Senior Site Reliability Engineer, Supply

Foundry (Headquarters: Palo Alto / San Francisco Bay Area)

Location: Palo Alto / San Francisco Bay Area | Full-Time | $170,000 - $230,000

Python Bash Ansible Grafana Prometheus Linux GPU Cloud Staff Engineer Cyber Security

**About Foundry:** Foundry is revolutionizing the AI compute landscape by providing a flexible and accessible cloud platform for machine learning developers. Our infrastructure is designed to handle the most demanding AI workloads, from training large language models to running real-time inference at scale.

**About The Role:** As a Senior Site Reliability Engineer in the Supply team, you will be responsible for managing the provisioning, scaling, and health of Foundry's global GPU fleet. You will design and implement systems that ensure the reliability, availability, and performance of our compute infrastructure across multiple cloud environments and on-premises data centers. This role involves working closely with engineering teams to build robust monitoring, alerting, and incident response frameworks, guided by Service Level Indicators (SLIs) and Objectives (SLOs).

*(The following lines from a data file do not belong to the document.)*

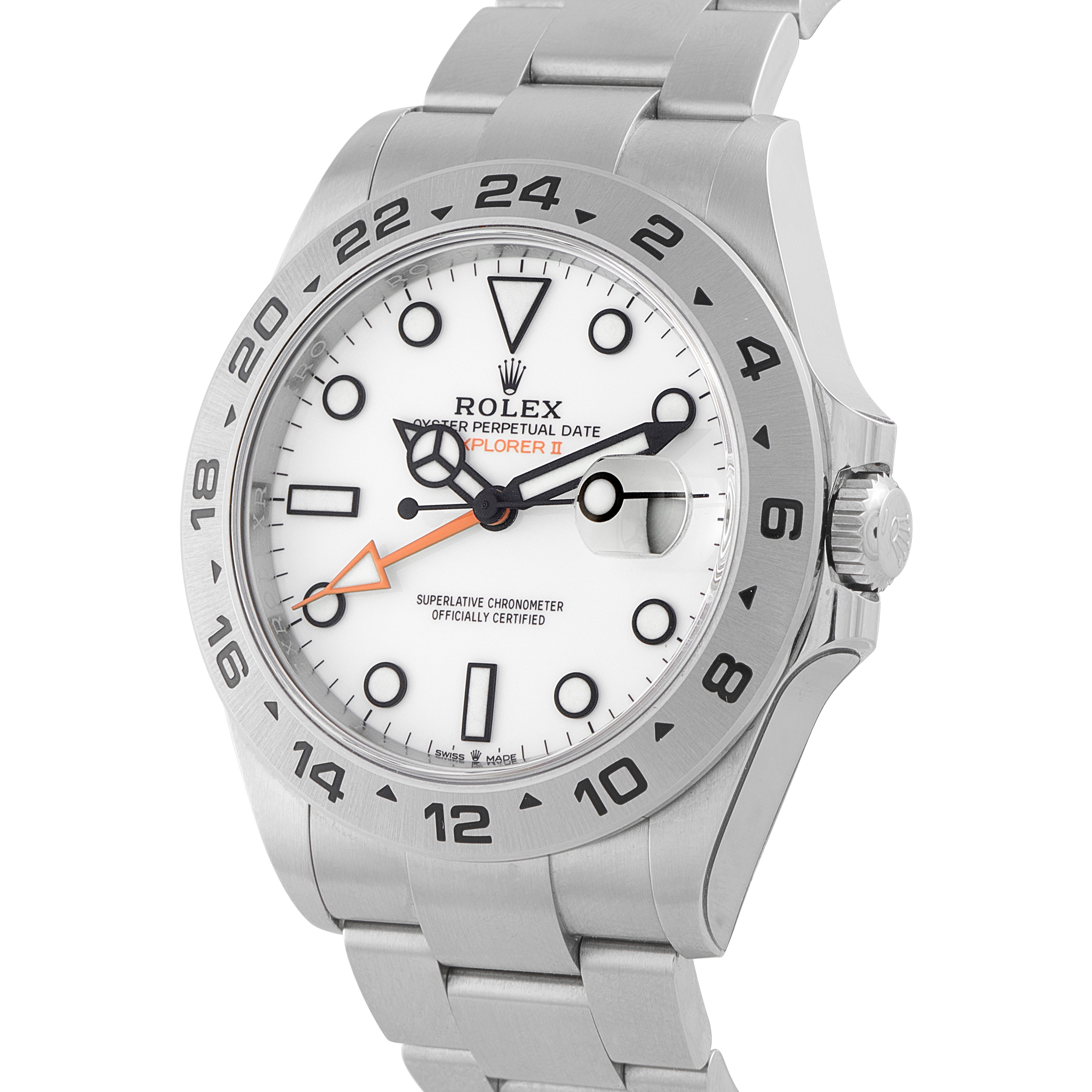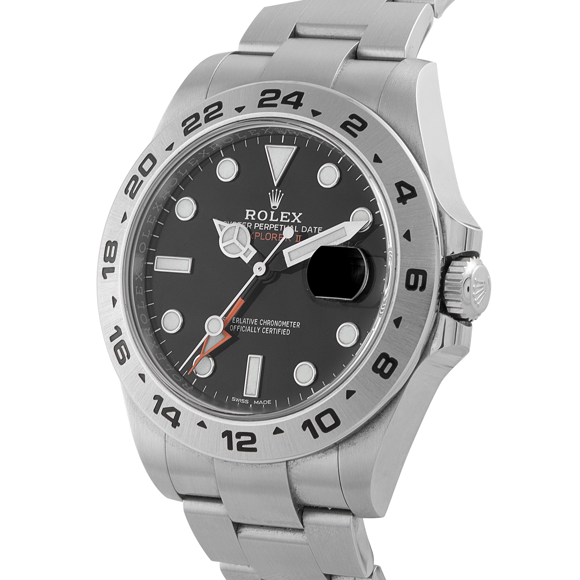 Papers and a gift box accompany this pre-owned Rolex Explorer II Black Dial Watch 216570.
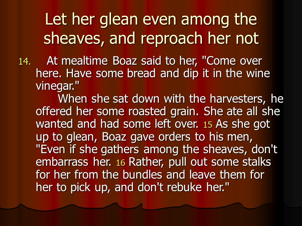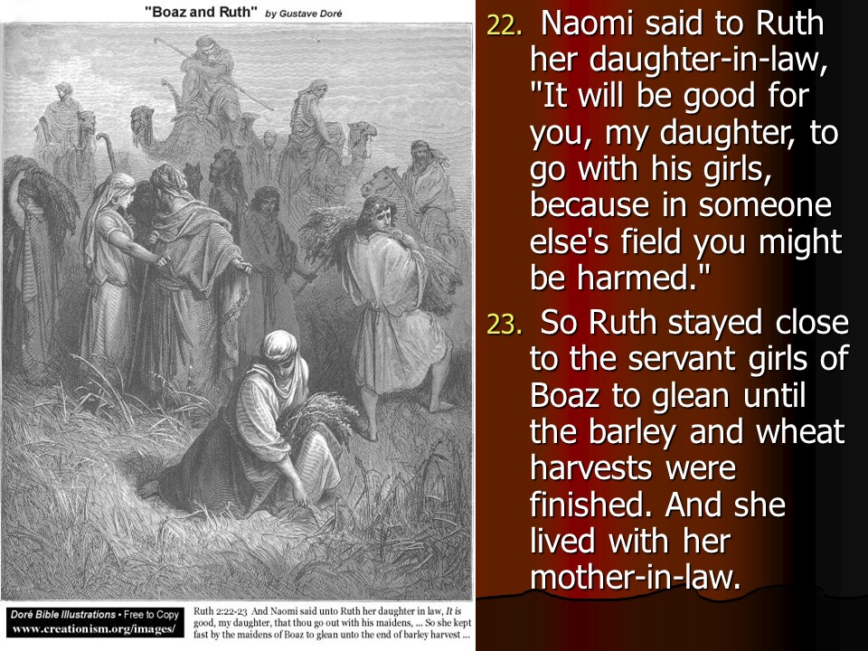 Ruth 2, Ruth meets Boaz.
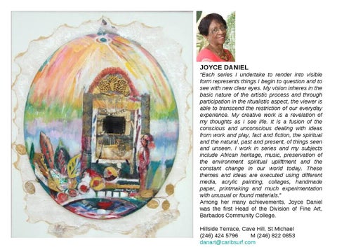 JOYCE DANIEL “Each series I undertake to render into visible form represents things I begin to question and to see with new clear eyes. My vision inheres in the basic nature of the artistic process and through participation in the ritualistic aspect, the viewer is able to transcend the restriction of our everyday experience. My creative work is a revelation of my thoughts as I see life. It is a fusion of the conscious and unconscious dealing with ideas from work and play, fact and fiction, the spiritual and the natural, past and present, of things seen and unseen. I work in series and my subjects include African heritage, music, preservation of the environment spiritual upliftment and the constant change in our world today. These themes and ideas are executed using different media, acrylic painting, collages, handmade paper, printmaking and much experimentation with unusual or found materials.� Among her many achievements, Joyce Daniel was the first Head of the Division of Fine Art, Barbados Community College. Hillside Terrace, Cave Hill, St Michael (246) 424 5796 M (246) 822 0853 danart@caribsurf.com
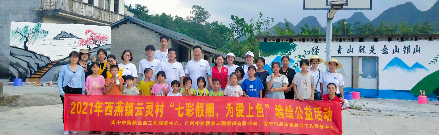 为进一步加强农村留守儿童关爱保护工作,丰富农村留守儿童假期生活,助力乡村振兴工作。8月25日,南宁市聚焦社会工作服务中心党支部携手广西中信恒泰工程顾问有限公司、南宁市品乐诚社会工作服务中心以及上林县西燕镇云灵村民委员会共同举办2021年西燕镇云灵村“七彩假期,为爱上色”墙绘公益活动。
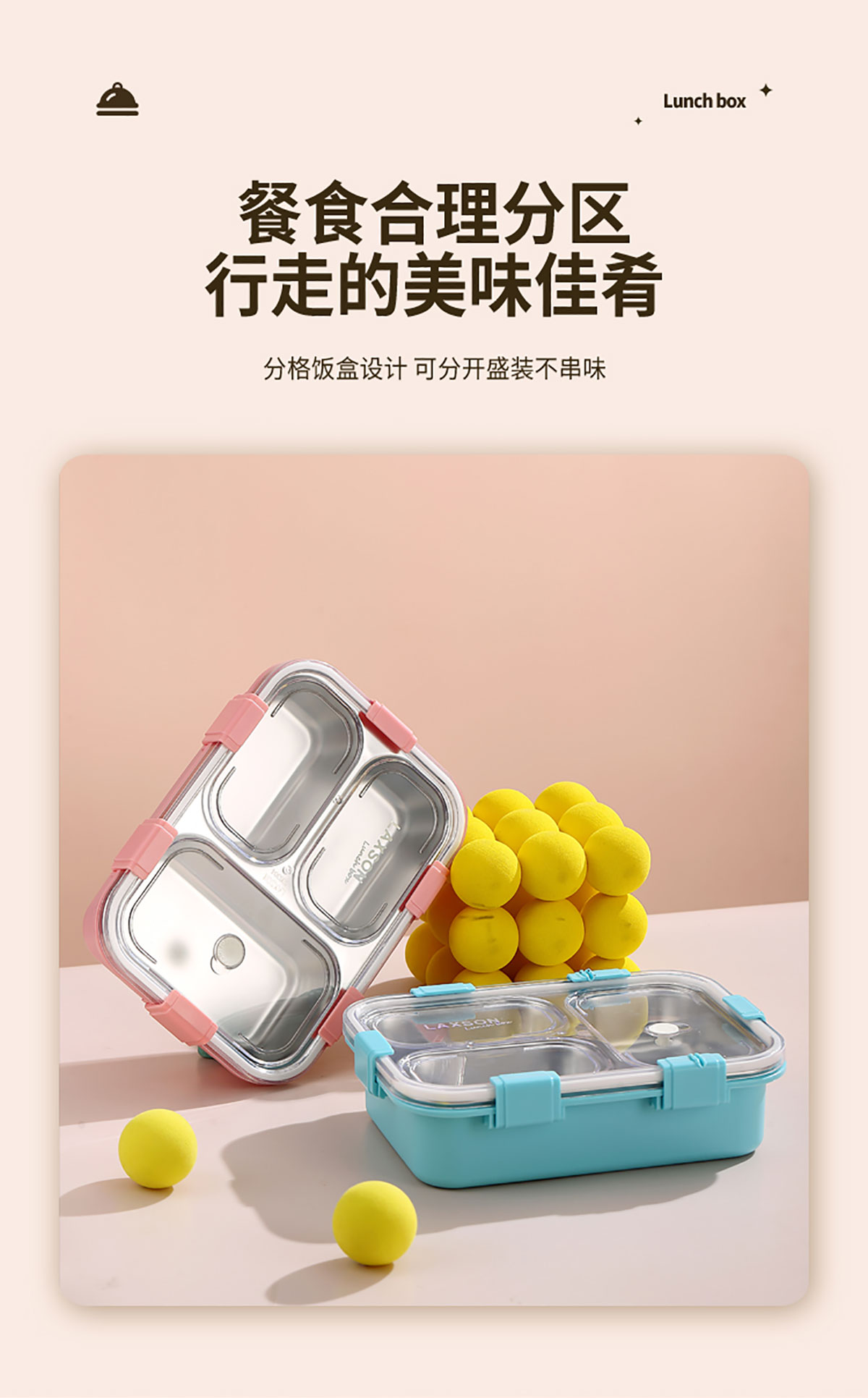 LX-7072A(四格+不銹鋼碗):254*182*65mm

You will also serve as the primary technical liaison with our compute partners, ensuring smooth operations and addressing any technical challenges that arise.

**Key Responsibilities:**
- Design and implement systems for GPU provisioning, spot bidding, and node pool health management.
- Build and maintain monitoring and observability tools using platforms like Grafana and Prometheus.
- Define and enforce SLIs and SLOs to ensure system reliability and performance.
- Lead or participate in incident response and root cause analysis to prevent recurrence of issues.
- Collaborate with internal teams and external partners to resolve technical challenges and optimize infrastructure operations.
- Develop automation scripts and tools to streamline routine maintenance and operational tasks.

**Required Skills and Ideal Candidate:**
- Bachelor’s degree in Computer Science, Computer Engineering, or a related field, or equivalent professional experience.
- Experience with Linux systems administration and command-line interfaces.
- Proficiency in scripting and automation (Python, Bash, or similar).
- Deep understanding of key infrastructure metrics and data center operations.
- Strong written and verbal communication skills, with the ability to translate technical concepts for various audiences.
- Project management experience and the ability to handle multiple priorities effectively.
- Demonstrated experience in incident response and root cause analysis.

We are looking for a highly skilled SRE who can thrive in a fast-paced environment and has a passion for building reliable systems.

Post Date: July 17, 2025